In experiments with Bacillus megaterium, the menaquinone pool has been observed to be in a highly reduced state (up to 85% reduced) when cells were grown anaerobically, while in the same cells under aerobic conditions this pool was found to be only 10% reduced (Kröger et al., 1971). However, to obtain these results an approach is required that uses specialized equipment; and this approach is only suitable for species with a single type of quinone. DMK too has been assessed in a similar fashion, in Hemophilus parainfluenzae (White, 1965). These levels for MK and DMK are not very different from what has been observed in E. coli for UQ (Bekker et al., 2007). It would be very interesting to find out whether DMK and MK can be reduced to a similarly high level in E. coli, but such experiments are technically very challenging. It is relevant to note that with a similar procedure as the one used here, plus extra precautions for very rapid analysis, it was possible to analyze the in vivo redox state of plastoquinone in Synechocystis sp. PCC6803 (Schuurmans et al., 2014). We do anticipate, however, that the data on the in vivo amount of reduced naphtoquinones reported in this contribution represent a gross underestimate due to the rapid autooxidation of these quinones.

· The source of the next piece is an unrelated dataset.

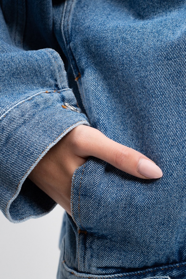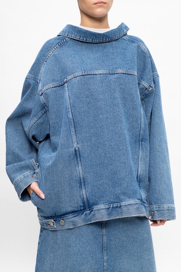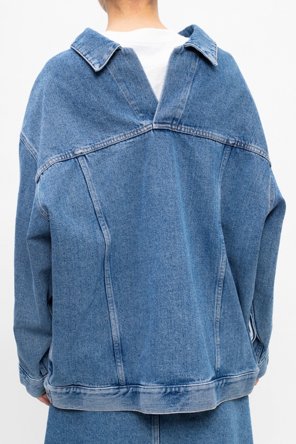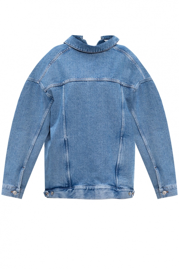 Blue jacket from Balenciaga. Cut from denim, this garment features decorative stitching details, V-neck at the back, silver-tone metal hardware and button fastenings at the cuffs and hem.

To understand the modulation of the activity of ArcB in even more detail multi-omics analyses will be necessary, similar to the ones recently published for glucose repression (Borirak et al., 2015). That approach provides a more detailed picture of the metabolic consequences of ArcB (de)activation, and also an independent and complementary way to assay this via transcript profiling (e.g., Wareham et al., 2016). In such future experiments it will be an asset to be able to modulate the size of the proton motive force independently and orthogonally, e.g., with a light-dependent proton pump like proteorhodopsin, because of the recent report that that will allow an independent modulation of the rate of formation of ROS (see Na et al., 2015). Such an approach would then also allow for an independent test whether the size of the proton motive force and ROS formation can or cannot directly modulate the activity of ArcB (Bogachev et al., 1995; Iuchi and Weiner, 1996; Malpica et al., 2004).